Might be an indicator for filebeat falling behind. Your ignore older setting is 12 hours. no idea when the file is first picked up, though.

Have you checked the number of open file descriptors?


(Akshath Patkar) #9

Yes, i checked the open file descriptors keep increasing.

[root@filebeat-9g9fr /]# sysctl fs.file-nr

fs.file-nr = 5216 0 1535701

[root@filebeat-9g9fr /]# sysctl fs.file-nr

fs.file-nr = 5248 0 1535701

[root@filebeat-9g9fr /]# sysctl fs.file-nr

fs.file-nr = 5632 0 1535701

[root@filebeat-9g9fr /]# sysctl fs.file-nr

fs.file-nr = 5600 0 1535701

[root@filebeat-9g9fr /]# sysctl fs.file-nr

fs.file-nr = 5664 0 1535701

[root@filebeat-9g9fr /]# sysctl fs.file-nr

fs.file-nr = 5664 0 1535701

[root@filebeat-9g9fr /]# sysctl fs.file-nr

fs.file-nr = 5632 0 1535701

[root@filebeat-9g9fr /]# sysctl fs.file-nr

fs.file-nr = 5664 0 1535701

[root@filebeat-9g9fr /]# sysctl fs.file-nr

fs.file-nr = 5696 0 1535701

[root@filebeat-9g9fr /]# sysctl fs.file-nr

fs.file-nr = 5664 0 1535701

[root@filebeat-9g9fr /]# sysctl fs.file-nr

fs.file-nr = 5664 0 1535701

[root@filebeat-9g9fr /]# sysctl fs.file-nr

fs.file-nr = 5696 0 1535701

[root@filebeat-9g9fr /]# sysctl fs.file-nr

fs.file-nr = 5696 0 1535701

[root@filebeat-9g9fr /]# sysctl fs.file-nr

fs.file-nr = 5728 0 1535701

(Steffen Siering) #10

OK, this is a clear sign filebeat lagging behind. The offsets increase in your logs, because the old files are still open. The old logs are treated by filebeat as separate files, that's what the inode is for.

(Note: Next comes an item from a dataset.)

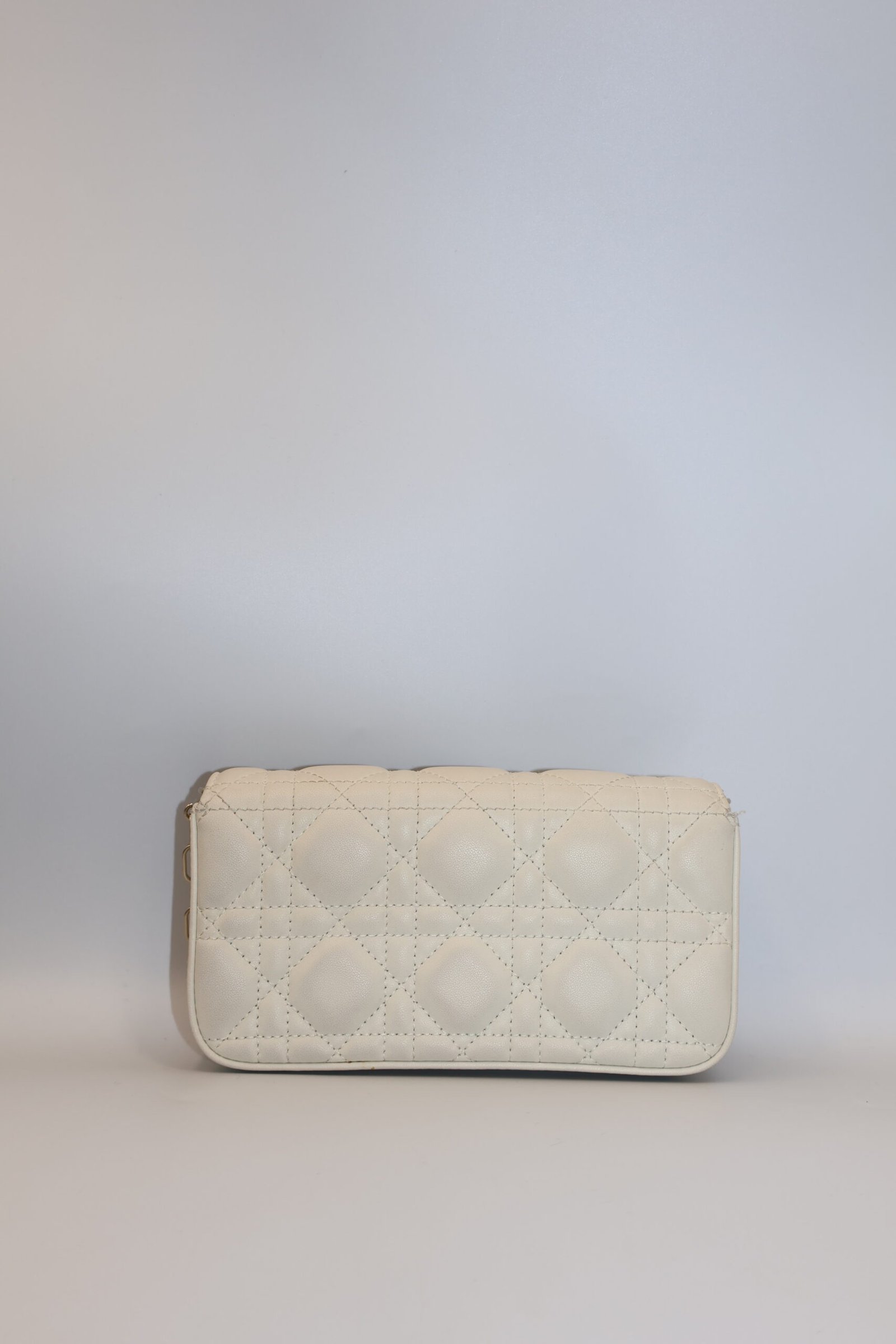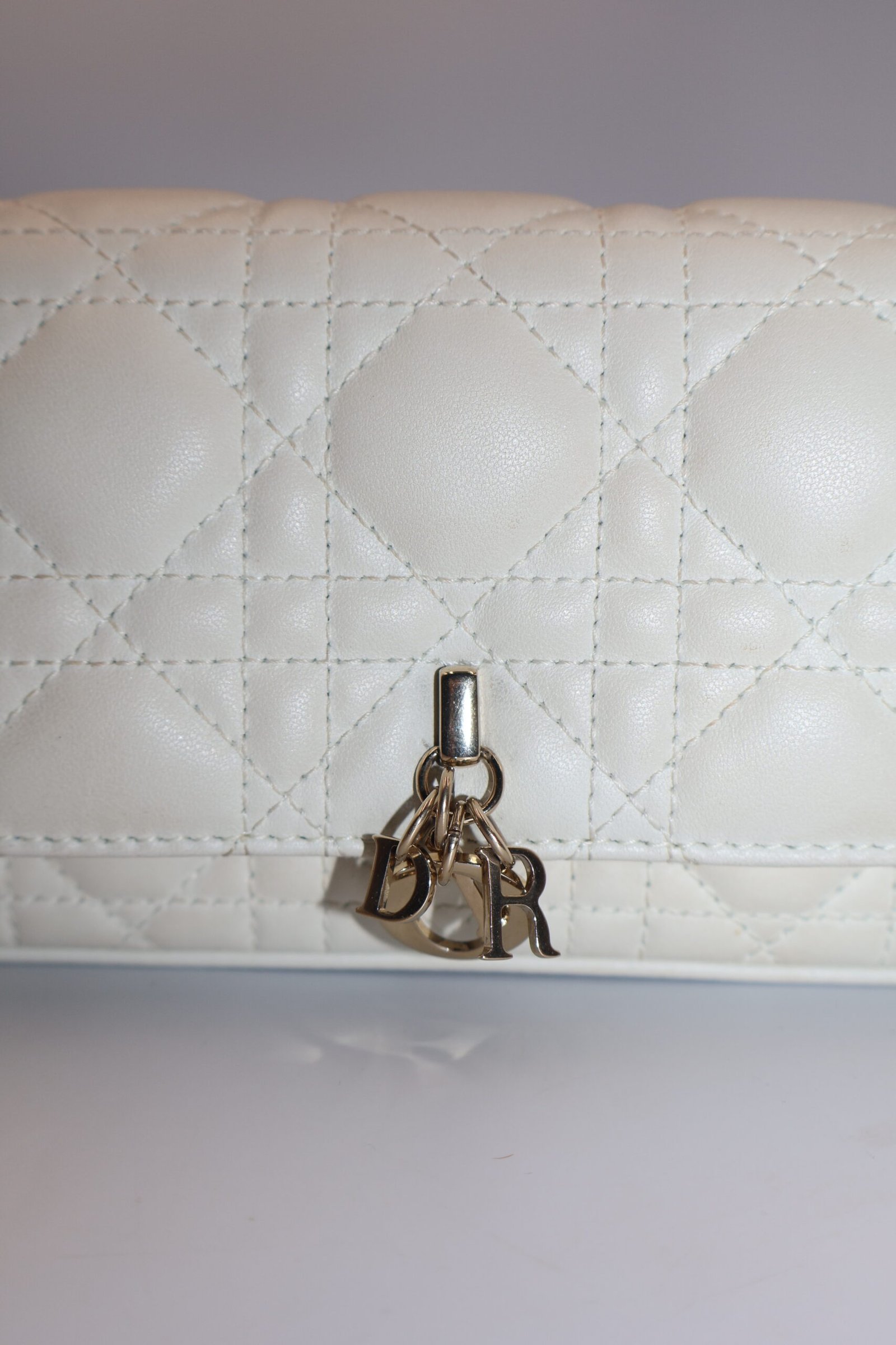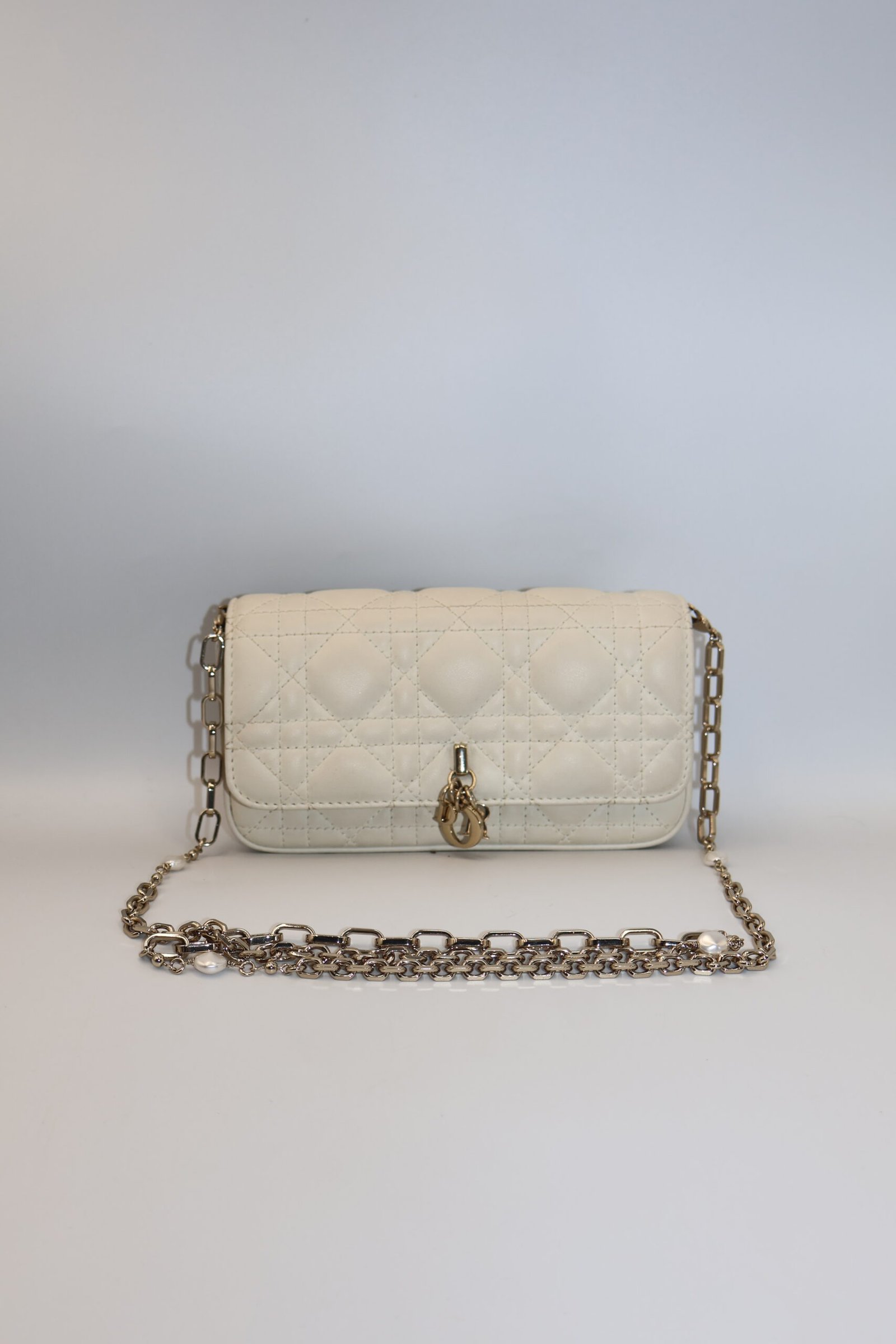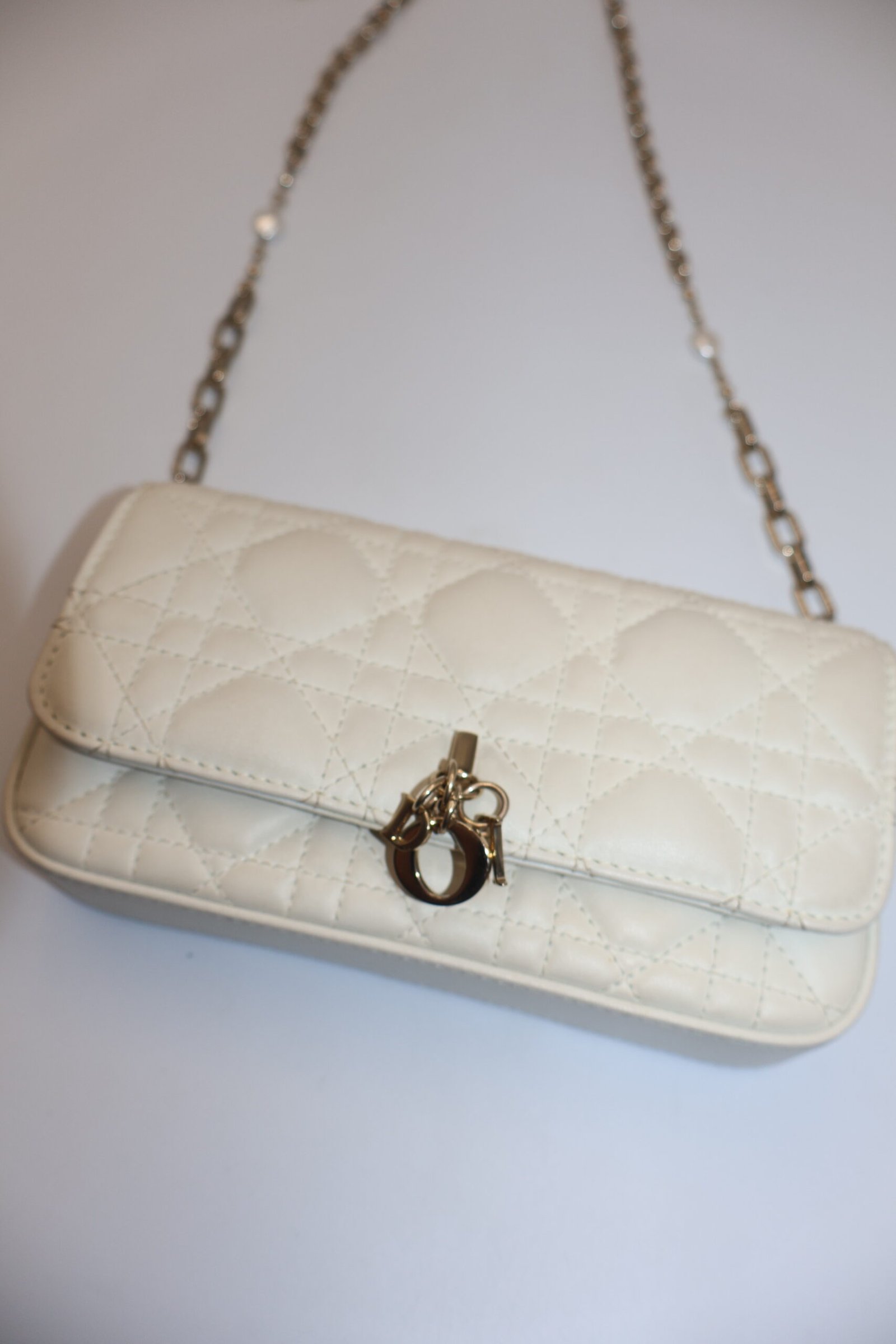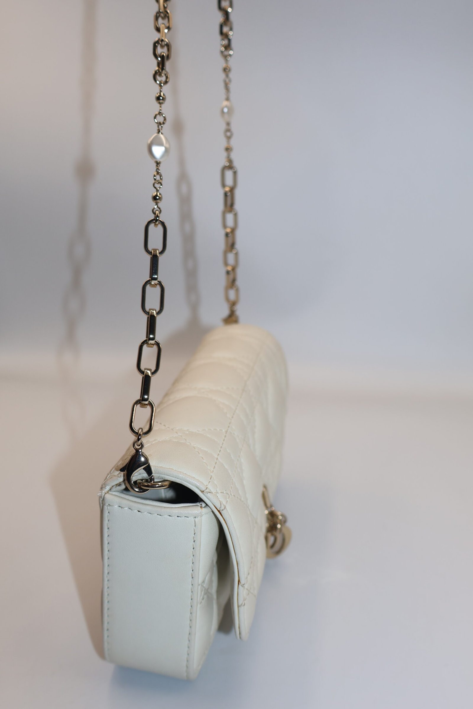 Este ponchette para telefono My Dior – Dior Talk es un accesorio refinado y practico, su diseño es de piel de cordero cannage latte incluye charms D.I.O.R. de metal dorado pálido , el modelo se completa con una elegante cadena extraible con abalorios de resina que permite llevarlo cruzado, colgado del hombro o en la mano, Fullset.

You want to have a look in tuning logstash and Elasticsearch, so to increase throughput.

Switching to a more recent filebeat (event serialization + async publishing 6.x releases helps a little) + properly tuning the queue size and output can also help (your output settings are not as effective as you might think, due to the spool settings in 5.6 limiting the total number of events being forwared to the outputs.


(system) #11

This topic was automatically closed 28 days after the last reply. New replies are no longer allowed.